# ABOUT THIS EXERCISE:
Restate all entries word for word, minus pictures.

# ENTRIES SHOWN:

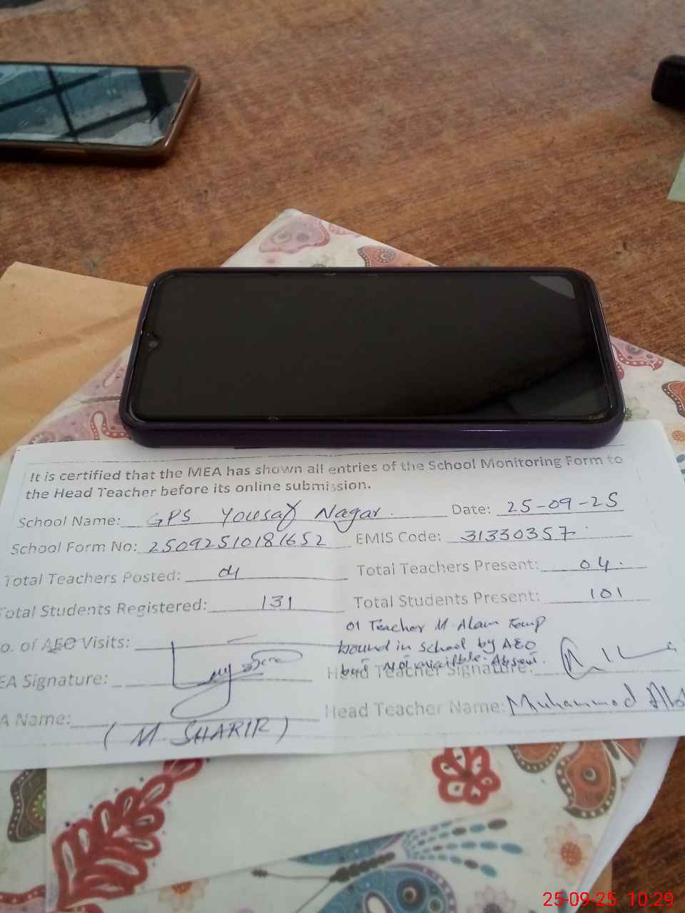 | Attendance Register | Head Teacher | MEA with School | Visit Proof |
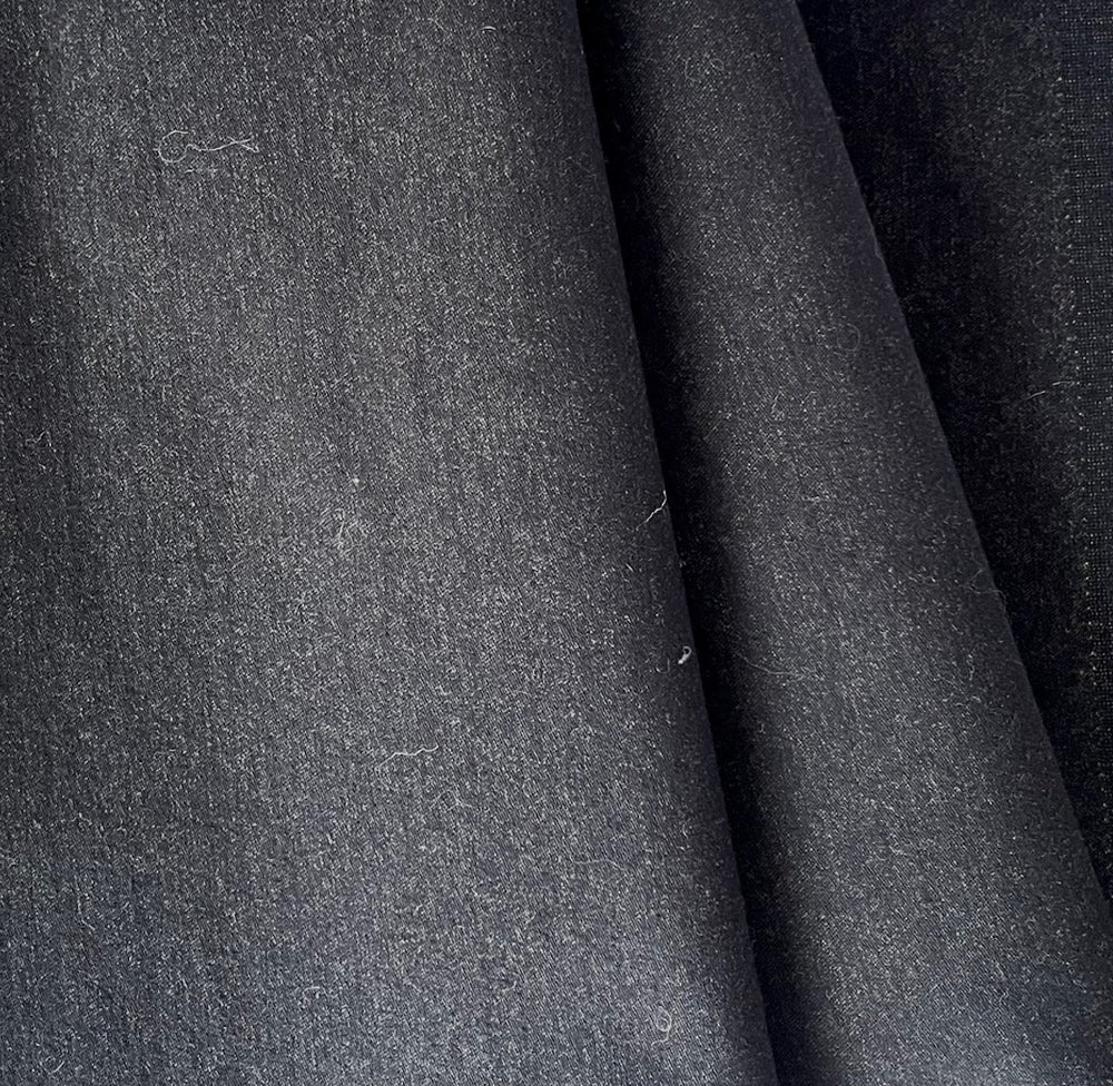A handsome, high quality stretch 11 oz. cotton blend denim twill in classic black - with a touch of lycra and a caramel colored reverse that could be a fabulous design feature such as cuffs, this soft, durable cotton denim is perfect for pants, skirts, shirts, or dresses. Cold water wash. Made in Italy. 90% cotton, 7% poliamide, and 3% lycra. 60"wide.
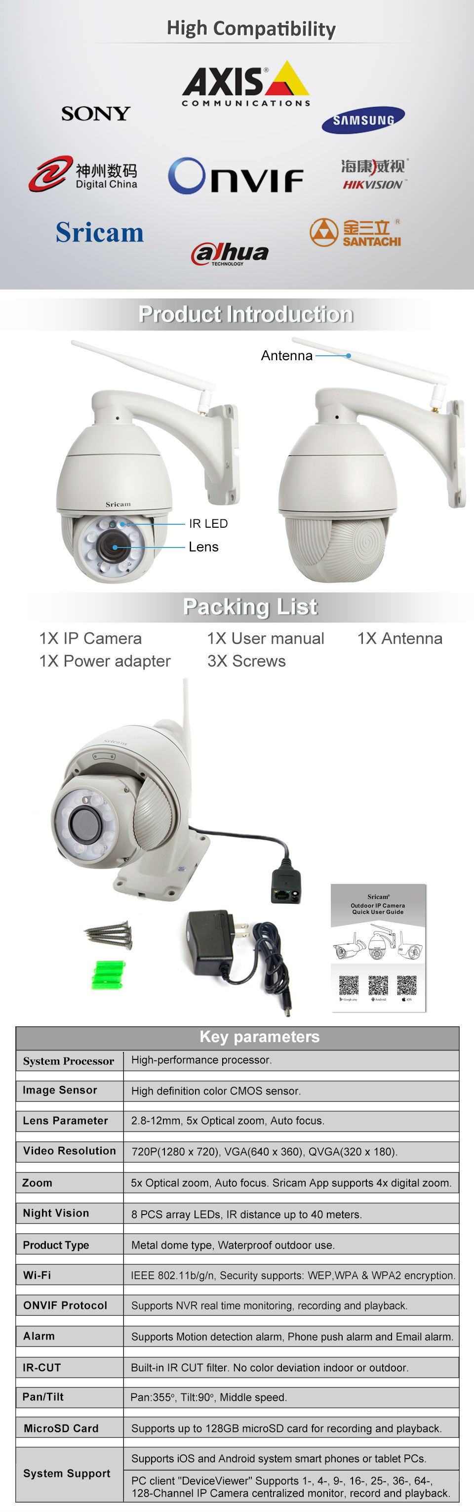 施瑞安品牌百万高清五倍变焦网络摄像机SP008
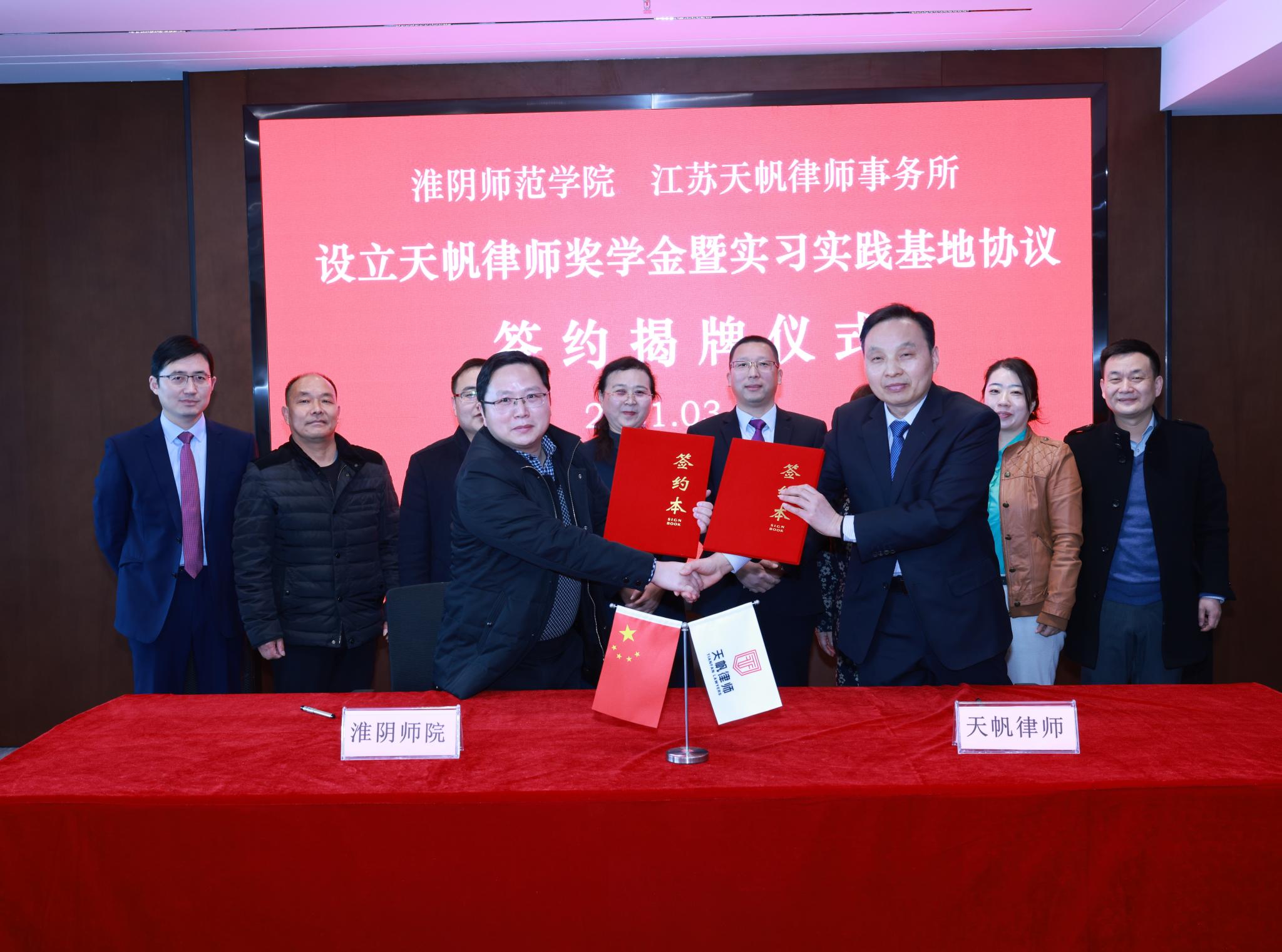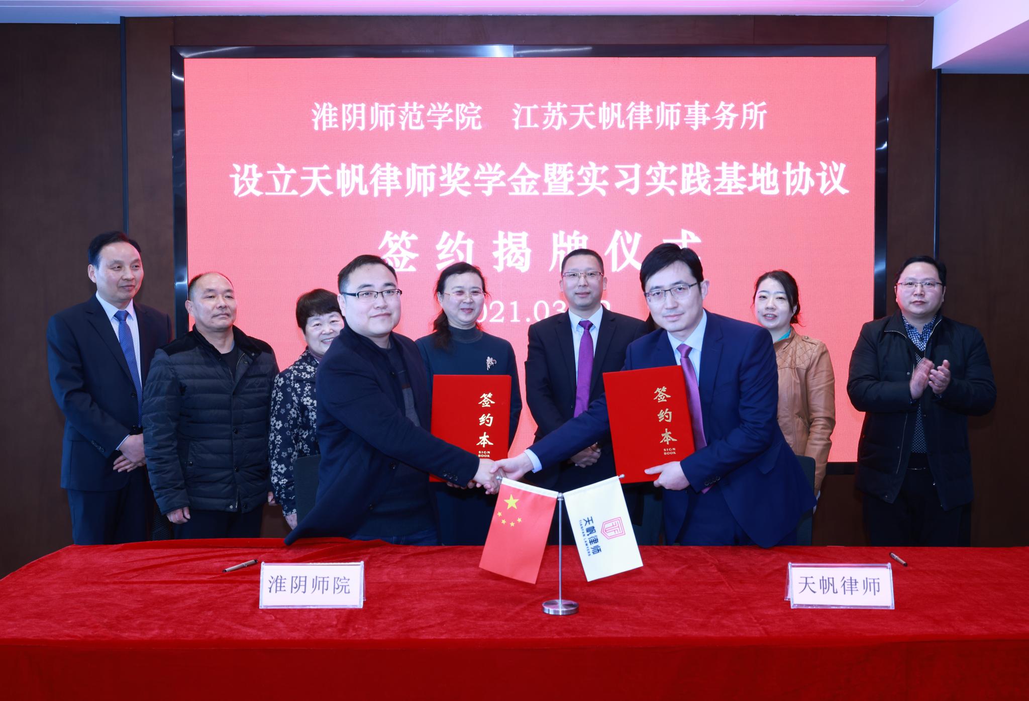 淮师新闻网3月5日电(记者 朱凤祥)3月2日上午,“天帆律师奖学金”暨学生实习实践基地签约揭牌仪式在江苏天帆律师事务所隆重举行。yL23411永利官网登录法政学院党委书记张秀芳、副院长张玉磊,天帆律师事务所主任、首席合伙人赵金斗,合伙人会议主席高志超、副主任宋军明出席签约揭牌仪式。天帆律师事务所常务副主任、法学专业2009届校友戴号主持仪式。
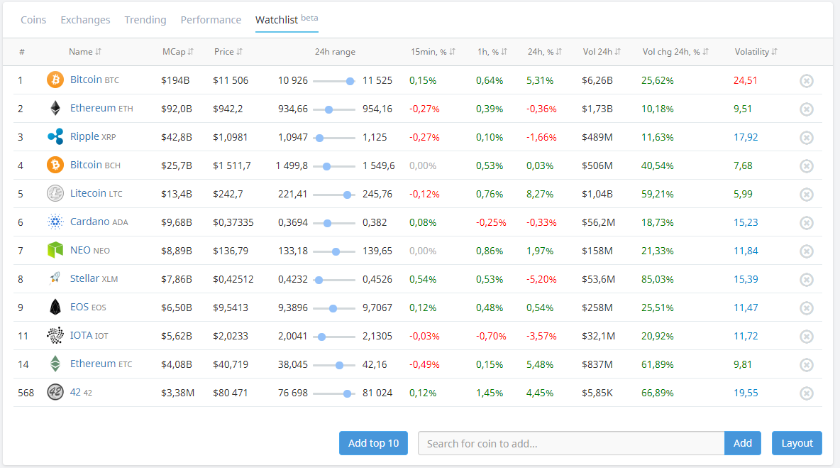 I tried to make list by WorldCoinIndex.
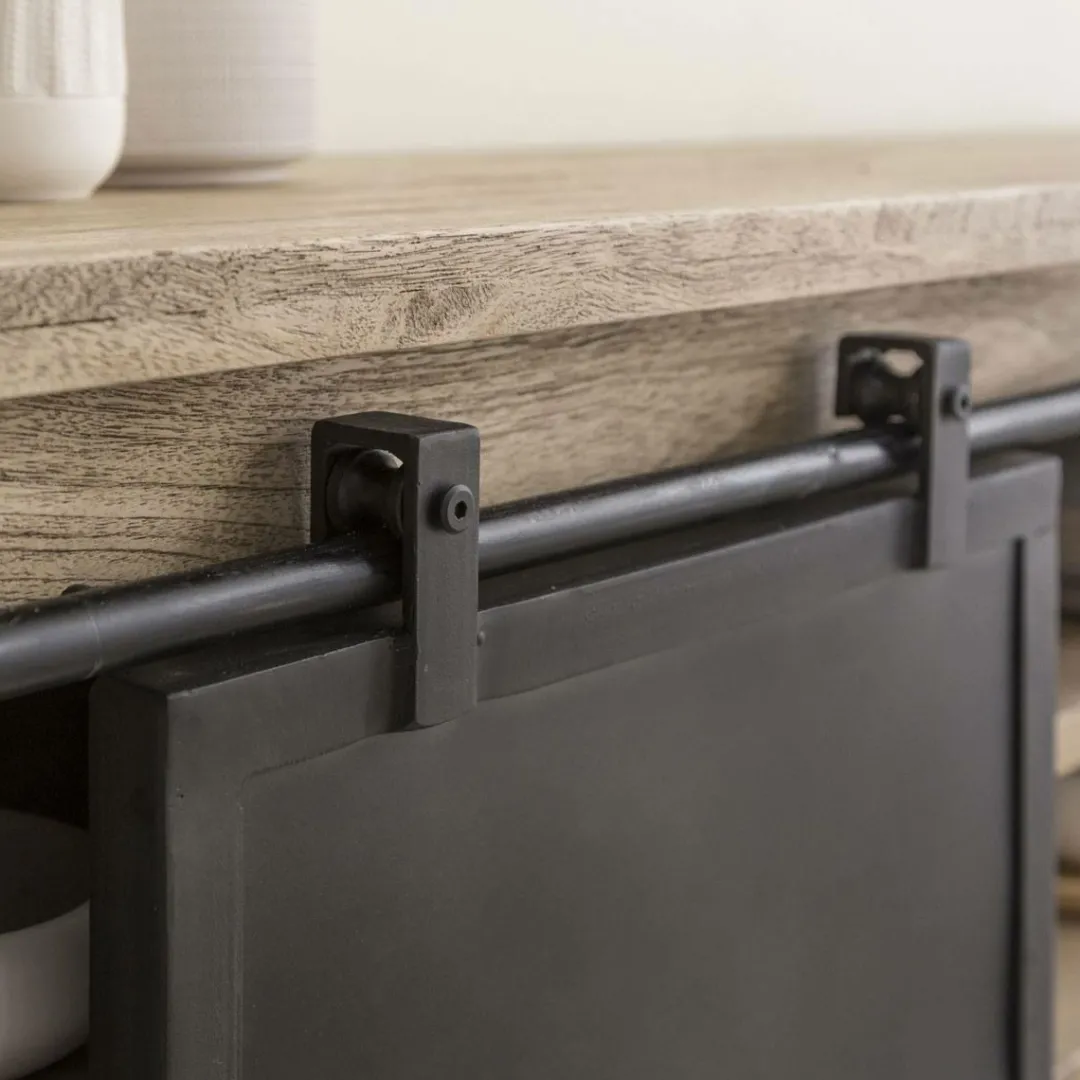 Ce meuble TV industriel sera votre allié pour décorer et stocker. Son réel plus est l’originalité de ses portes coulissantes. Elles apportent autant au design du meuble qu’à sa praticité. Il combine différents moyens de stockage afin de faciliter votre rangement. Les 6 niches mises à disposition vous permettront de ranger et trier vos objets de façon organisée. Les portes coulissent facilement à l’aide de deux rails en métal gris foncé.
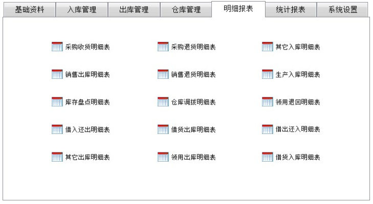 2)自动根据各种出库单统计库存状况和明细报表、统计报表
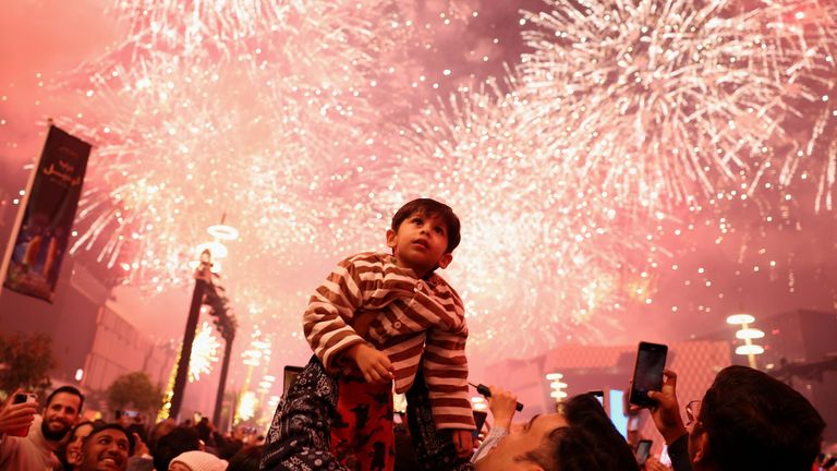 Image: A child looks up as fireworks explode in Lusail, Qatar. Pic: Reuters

# RESPONSE BELOW:
 | Attendance Register | Head Teacher | MEA with School | Visit Proof |
A handsome, high quality stretch 11 oz. cotton blend denim twill in classic black - with a touch of lycra and a caramel colored reverse that could be a fabulous design feature such as cuffs, this soft, durable cotton denim is perfect for pants, skirts, shirts, or dresses. Cold water wash. Made in Italy. 90% cotton, 7% poliamide, and 3% lycra. 60"wide.
 施瑞安品牌百万高清五倍变焦网络摄像机SP008
 淮师新闻网3月5日电(记者 朱凤祥)3月2日上午,“天帆律师奖学金”暨学生实习实践基地签约揭牌仪式在江苏天帆律师事务所隆重举行。yL23411永利官网登录法政学院党委书记张秀芳、副院长张玉磊,天帆律师事务所主任、首席合伙人赵金斗,合伙人会议主席高志超、副主任宋军明出席签约揭牌仪式。天帆律师事务所常务副主任、法学专业2009届校友戴号主持仪式。
 I tried to make list by WorldCoinIndex.
 Ce meuble TV industriel sera votre allié pour décorer et stocker. Son réel plus est l’originalité de ses portes coulissantes. Elles apportent autant au design du meuble qu’à sa praticité. Il combine différents moyens de stockage afin de faciliter votre rangement. Les 6 niches mises à disposition vous permettront de ranger et trier vos objets de façon organisée. Les portes coulissent facilement à l’aide de deux rails en métal gris foncé.
 2)自动根据各种出库单统计库存状况和明细报表、统计报表
 Image: A child looks up as fireworks explode in Lusail, Qatar. Pic: Reuters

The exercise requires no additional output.